**Task goal:**
Repeat the data word for word. Do not include the pictures.

**Data block:**
BEGIN

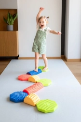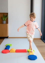 Asamblează orice traseu din pietre, blocuri și bârne colorate și transformă mișcarea în distracție. Fiecare piesă are înălțime diferită și suprafață reliefată pentru pas sigur și exerciții în siguranță. Excelent pentru activități ludice acasă, grădinițe, after-school și terapie senzorială.
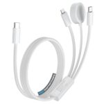 iCarez 3in1急速充電ケーブル 1.5mは、USB-C、Lightning、Micro USBの3種類の接続に対応し、デバイスを迅速に充電可能。耐久性の高い素材を使用し、絡みにくい設計。
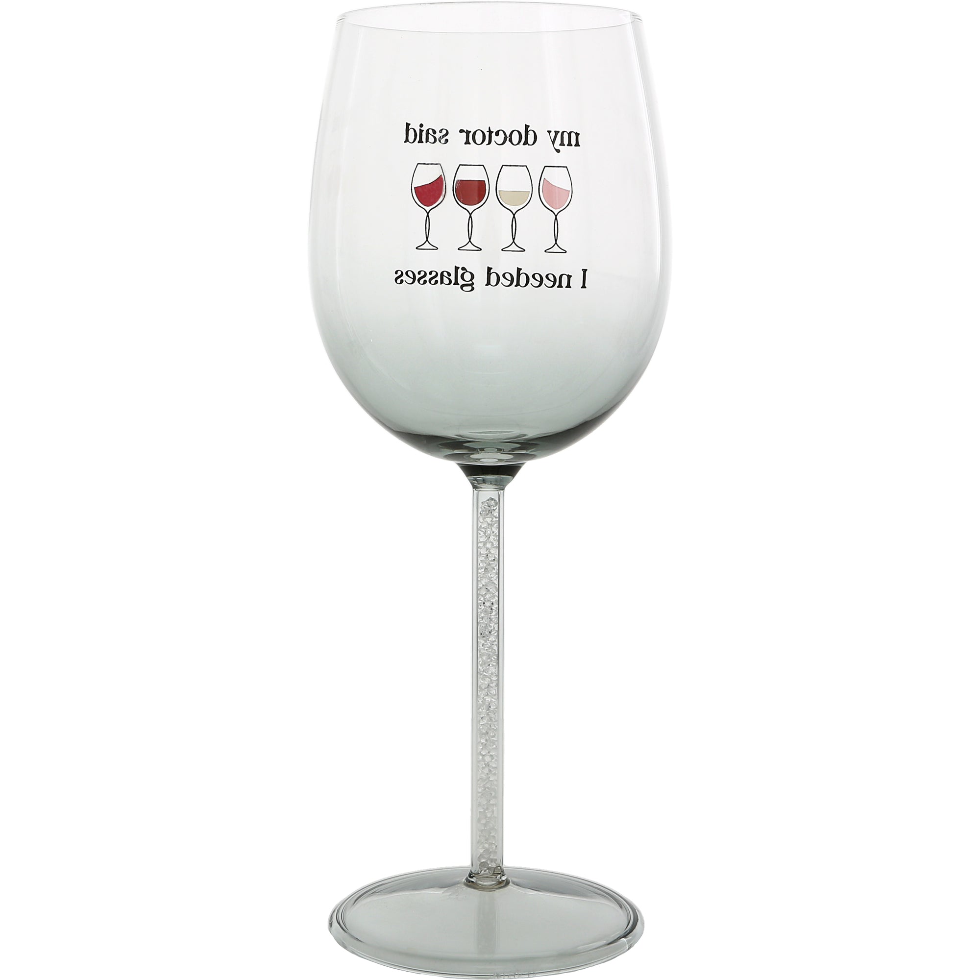 - IN-HOUSE DESIGN: This wine glass showcases the playful sentiment, "My doctor said I needed glasses," in bold lettering, complemented by charming illustrations of wine glasses that add to its humor. The grey spray-accented stem is filled with clear crystal gems, providing a subtle sparkle that beautifully contrasts with the clear glass. Combining elegance with a touch of humor, this glass is perfect for both casual sipping and special occasions, making it a delightful gift for any wine enthusiast.

END

**Reply:**
 Asamblează orice traseu din pietre, blocuri și bârne colorate și transformă mișcarea în distracție. Fiecare piesă are înălțime diferită și suprafață reliefată pentru pas sigur și exerciții în siguranță. Excelent pentru activități ludice acasă, grădinițe, after-school și terapie senzorială.
 iCarez 3in1急速充電ケーブル 1.5mは、USB-C、Lightning、Micro USBの3種類の接続に対応し、デバイスを迅速に充電可能。耐久性の高い素材を使用し、絡みにくい設計。
 - IN-HOUSE DESIGN: This wine glass showcases the playful sentiment, "My doctor said I needed glasses," in bold lettering, complemented by charming illustrations of wine glasses that add to its humor. The grey spray-accented stem is filled with clear crystal gems, providing a subtle sparkle that beautifully contrasts with the clear glass. Combining elegance with a touch of humor, this glass is perfect for both casual sipping and special occasions, making it a delightful gift for any wine enthusiast.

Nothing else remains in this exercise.